What Is a Medigap Plan?
Before we look at the specifics of Medicare Supplement Plan B, let’s take a broad view of Medigap plans and how they operate. These additional insurance plans are sold by private insurance companies, and the goal of these plans is to give you additional coverage that traditional Medicare doesn’t.
There are ten different plans that you can choose from, and they are all denoted by a letter of the alphabet, A – N. These policies are standardized by the government, which means that they are going to be identical, regardless of which company you purchase them from.
The older you get, the more money you’re going to spend on medical expenses and health care, and those expenses could quickly drain your retirement savings and turn your retirement dreams into a nightmare, but that’s where these Medigap plans come in.

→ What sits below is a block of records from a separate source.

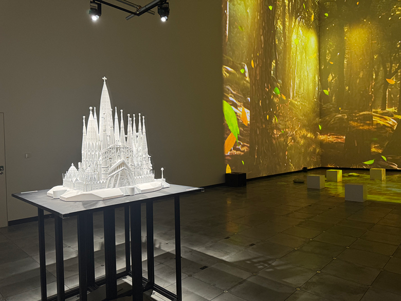 静かに時を遡り、ガウディという人間の原点へと導かれる序章。未完の聖堂を遺して逝った建築家の軌跡をたどりながら、自然と信仰、そして美の本質を探る旅が始まる。映像と空間が重なり、来場者は“死から過去へ”と時間を反転させる体験の中で、ガウディの精神へと歩みを進める。
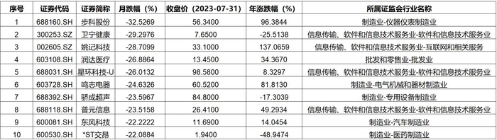 上海上市公司7月跌幅TOP10
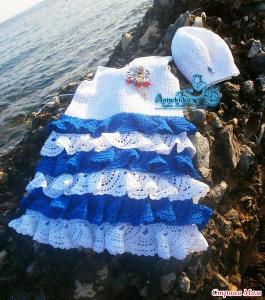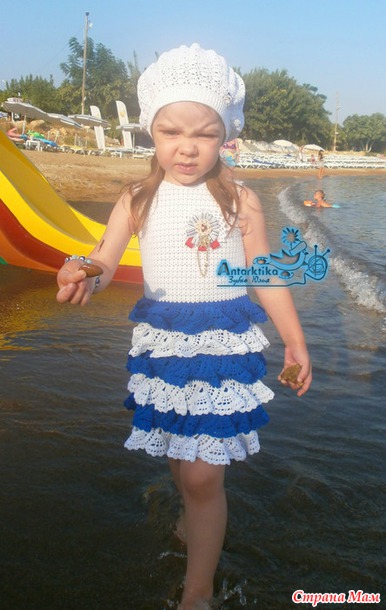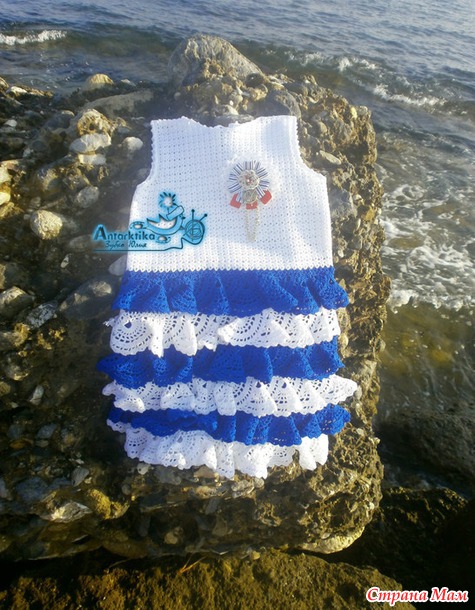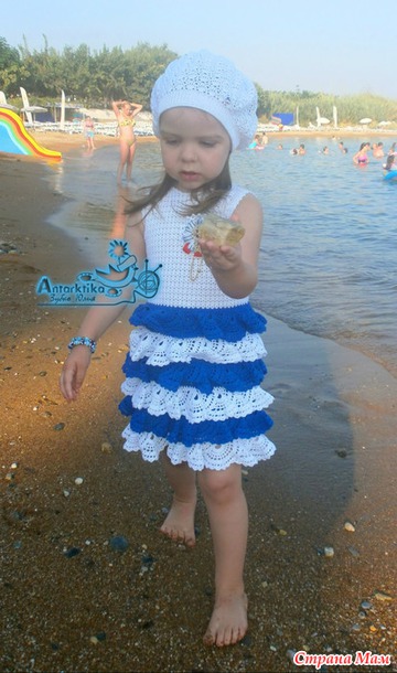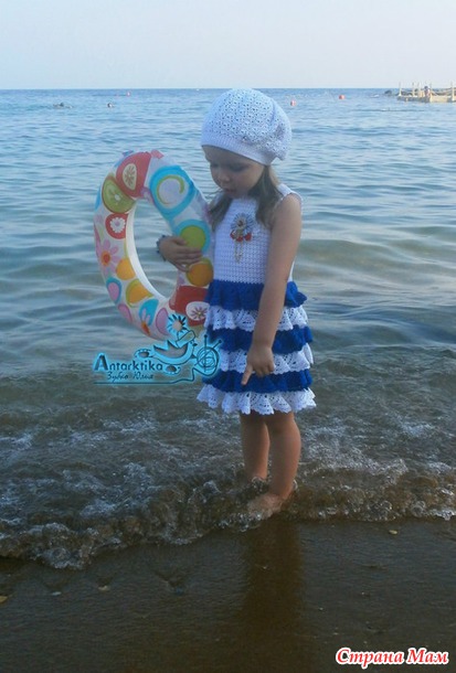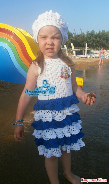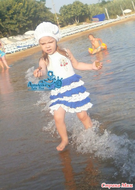 Всем привет!!! Вчера мы вернулись с семьёй с отдыха из Турции. Доче там исполнилось 3 года. И специально к дате и к морю я связала ей комплект. Платье вязала по МК от Юли Михович http://maxi.stranamam.ru со своими небольшими отступлениями. Юля, когда узнала, что платье будет в морском стиле, сделала нам в подарок ещё и замечательную брошь. Юля, спасибо тебе за это огромное!!!

Because these plans are sold by private insurance companies, the available options and the prices are going to differ depending on where you live and the company that you choose. Because they are standardized, the only difference in companies is going to be the premium amount. It’s easy to see why you should compare dozens of companies before you pick the one that’s going to work well for you.
Medigap Plan B
Now that we’ve looked at the basics of Medicare supplemental plans, we can look at the details of a Medigap Plan B. Each of the available plans is different, and some of them provide more coverage than others. Plan B is one of the most basic plans, which is going to leave more coverage gaps. Because it provides less coverage, they are also going to have cheaper premiums. Plan B is an excellent way to get additional support without paying the larger premiums.
Plan B is going to cover the basic expenses like Medicare Part B copayments and coinsurance fees. This is one category that every Medigap plan is going to pay. It’s not a massive expense, but having those copayments paid for can keep hundreds of more dollars in your pocket depending on how often you go to the doctor.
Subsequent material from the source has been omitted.